In the 1970s we took a cross-country drive in a Volkswagen bug, she and her then-husband bickering in the front, me in the back seat by the cooler. We detoured to get a quick look at the Grand Canyon. "A big yawn," she said.  By then she was a sultry smoker, short denim shorts revealing skinny tan legs, her long hair sun-bleached. We were already nearing the end of our friendship but didn't know it yet.

And of course it didn't end well. I guess I disobeyed a rule, or overstepped my sidekick role. Do the details even matter? My life was a mess, but I was slowly and surely becoming myself, and in doing so, I fell seriously and irrevocably out of favor. I was dead, she said, and never spoke a word to me again. I went to her house in Syracuse, New York. She looked right through me to the street beyond, and quietly closed the door.

Believe me, it hurt at the time.  And no one could understand it--we'd been good friends...best friends...for so long.
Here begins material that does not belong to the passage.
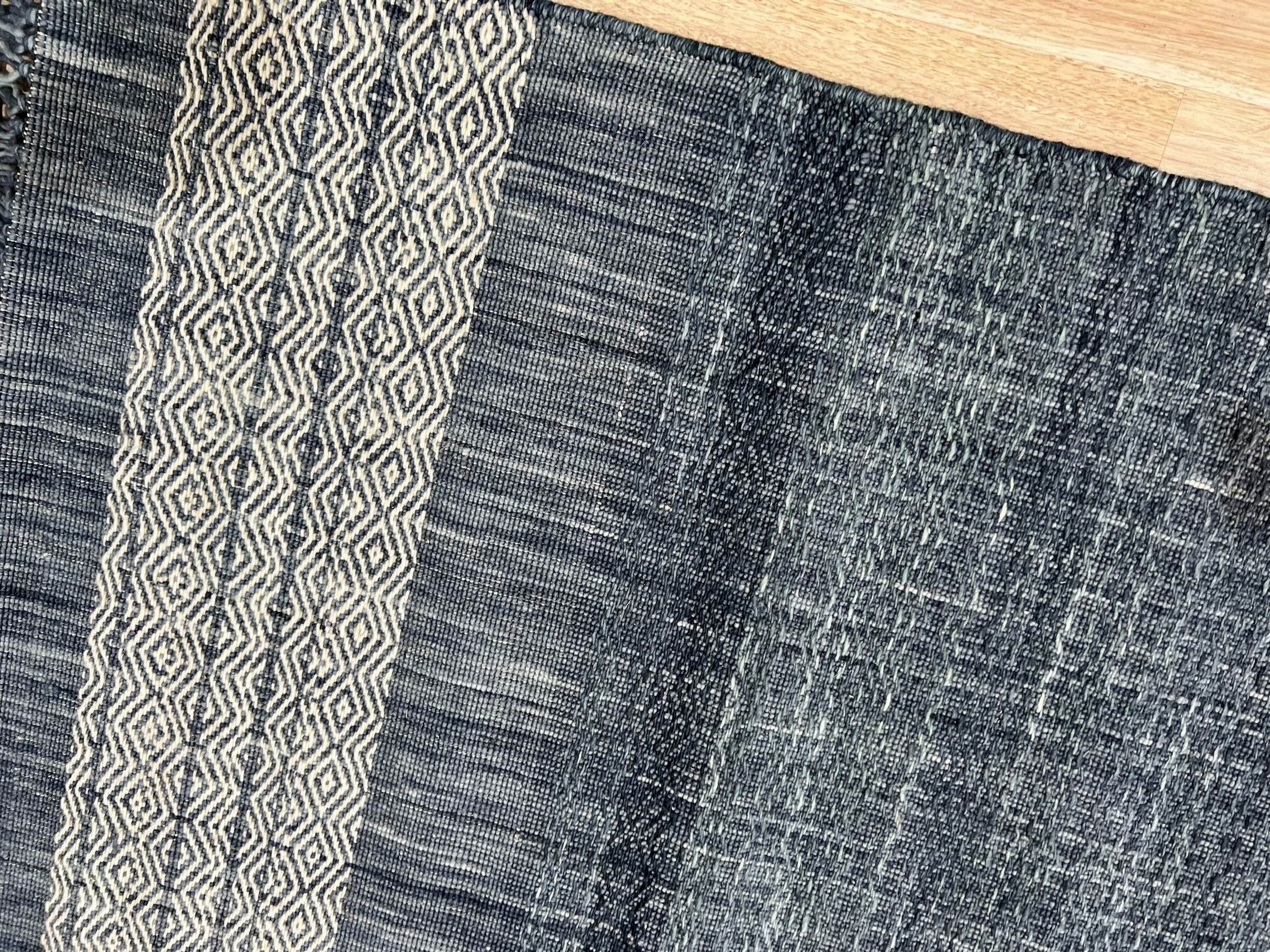 Distinct geometric bands frame the ends of the rug, utilizing a lighter contrasting thread to introduce a crisp, rhythmic pattern against the solid blue ground. While versatile in placement, the elongated structure and durable flatweave construction make it an exceptional candidate for hallway runner rugs.

But in a way, it was also inevitable.

So we went our separate ways and I eventually gained perspective, letting her settle into an appropriate place in my history, by and large forgetting.  In time her adolescent power, already well past its expiration date, no doubt faded. I knew from one of her sisters that she sold real estate in New Jersey, that she had a son, and in time a second divorce. It all seemed disappointingly ordinary.

Then, because we live in a world where we can do so, I  idly googled her a few years ago, and shocking stories surfaced. She had been arrested for the attempted murder of her ex-husband, stabbing him in the neck with a kitchen knife. She was convicted and sentenced, but she died of cancer about a year later. Maybe she was already sick when she stabbed him, and maybe it was a form of cancer that affected her brain.  This is what I have chosen to believe.

It's strange to zoom out and see the whole trajectory of a life.  Strange to see someone once so close to you transformed into a headline. A mean girl? Sometimes. But she was so much more, and so much less.

And on this, her birthday, I will remember the day we sat by the creek beneath the overpass, eating chocolate, singing about the time and place that waited for us somewhere, fully believing it did.